Error trying to solve a matrix using numpy

Im trying to solve for x1 x2 x3 and x4 for this matrix but I keep getting errors. Matrix A contains all the coefficients for x1 x2 x3 x4 respectively and Matrix B contains what it is equal to.
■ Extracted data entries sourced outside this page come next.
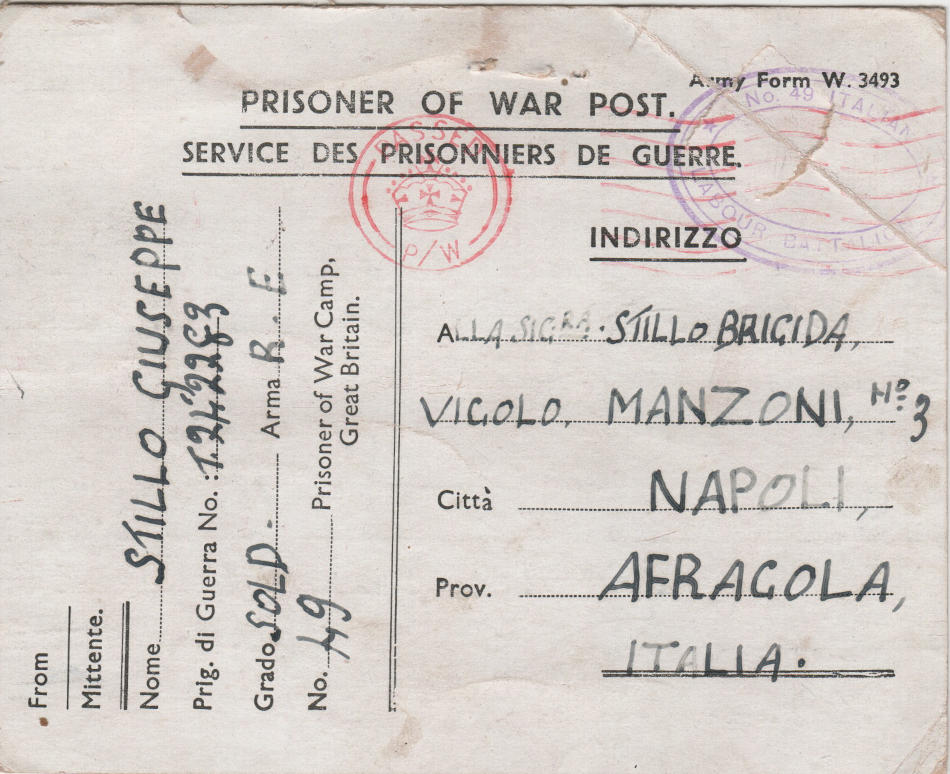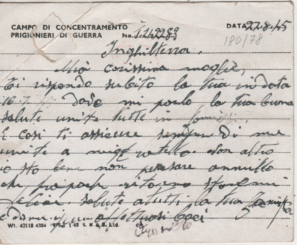 Cartolina scritta il 22.8.1945 nel campo di prigionia e spedita a Afragola (provincia di Napoli) in Italia
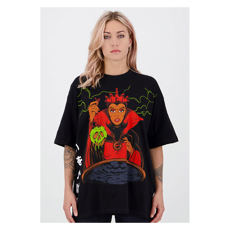 Es un producto fabricado con licencia oficial de Disney, confeccionado 100% en algodón de color negro sobre el que destaca la malvada Reina de Blancanieves, realizando una pócima para envenenar la manzana con la que dormir a la protagonista. Tiene una técnica de impresión de alta calidad.
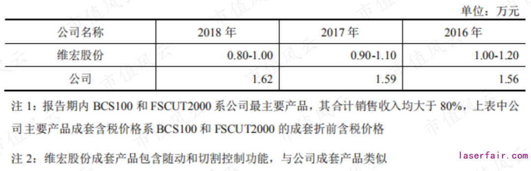 公司主要產(chǎn)品BCS100和FSCUT2000系列的單價(jià)在1.6萬上下,而維宏股份類似成套產(chǎn)品的單價(jià)在1萬左右。
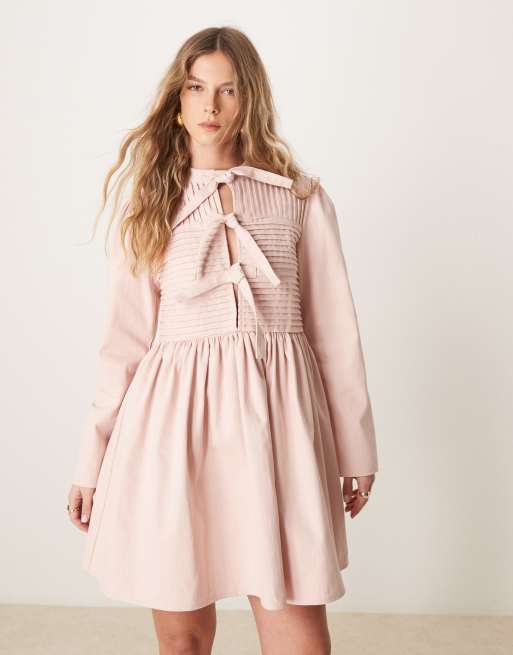 Ghospell - Robe courte avec nœuds - Rose poudré

I wrote the following code which in theory should work but it keeps saying I provided 5 arguments or something like that

import numpy as np

a = np.matrix([2, 5, 6, 4], [5, 10, 9, 5], [7, 17.5, 21, 14], [0, 0, 2, 5])
b = np.matrix([23.5, 34, 82.25, -13])

x = np.linalg.solve(a,b)
print(x)

I shouldn't have to do this, since you should show the full traceback with the error:

In [396]: a = np.matrix([2, 5, 6, 4], [5, 10, 9, 5], [7, 17.5, 21, 14], [0, 0,
     ...: 2, 5])
     ...: b = np.matrix([23.5, 34, 82.25, -13])
     ...: 
     ...: x = np.linalg.solve(a,b)
Traceback (most recent call last):
  File "<ipython-input-396-710e1fc00100>", line 1, in <module>
    a = np.matrix([2, 5, 6, 4], [5, 10, 9, 5], [7, 17.5, 21, 14], [0, 0, 2, 5])
TypeError: __new__() takes from 2 to 4 positional arguments but 5 were given

Look at that error message! See the np.matrix? Now go to np.matrix docs, and you'll see that the you need to provide ONE list of lists. And extra lists are interpreted as added arguments.

Thus you should use: (note the added [] - they are important.

In [397]: a = np.matrix([[2, 5, 6, 4], [5, 10, 9, 5], [7, 17.5, 21, 14], [0, 0,
     ...:  2, 5]])
     ...: b = np.matrix([23.5, 34, 82.25, -13])
     ...: 
     ...: x = np.linalg.solve(a,b)
Traceback (most recent call last):
  File "<ipython-input-397-b90e1785a311>", line 4, in <module>
    x = np.linalg.solve(a,b)
  File "<__array_function__ internals>", line 180, in solve
  File "/usr/local/lib/python3.8/dist-packages/numpy/linalg/linalg.py", line 393, in solve
    r = gufunc(a, b, signature=signature, extobj=extobj)
ValueError: solve: Input operand 1 has a mismatch in its core dimension 0, with gufunc signature (m,m),(m,n)->(m,n) (size 1 is different from 4)

In [398]: a.shape
Out[398]: (4, 4)
In [399]: b.shape
Out[399]: (1, 4)

Note the shape of b. solve doesn't like that mix of shapes. A (4,1) would probably work. But since we looked at np.matrix docs, lets follow its recommendations, and switch to np.array:

In [400]: a = np.array([[2, 5, 6, 4], [5, 10, 9, 5], [7, 17.5, 21, 14], [0, 0,
     ...: 2, 5]])
     ...: b = np.array([23.5, 34, 82.25, -13])
     ...: 
     ...: x = np.linalg.solve(a,b)
Traceback (most recent call last):
  File "<ipython-input-400-b1b6c06db25c>", line 4, in <module>
    x = np.linalg.solve(a,b)
  File "<__array_function__ internals>", line 180, in solve
  File "/usr/local/lib/python3.8/dist-packages/numpy/linalg/linalg.py", line 393, in solve
    r = gufunc(a, b, signature=signature, extobj=extobj)
  File "/usr/local/lib/python3.8/dist-packages/numpy/linalg/linalg.py", line 88, in _raise_linalgerror_singular
    raise LinAlgError("Singular matrix")
LinAlgError: Singular matrix

In [401]: a
Out[401]: 
array([[ 2. ,  5. ,  6. ,  4. ],
       [ 5. , 10. ,  9. ,  5. ],
       [ 7. , 17.5, 21. , 14. ],
       [ 0. ,  0. ,  2. ,  5. ]])
In [402]: np.linalg.det(a)
Out[402]: 0.0

I assume you know enough linear algebra to understand that problem, and undertake your own fix.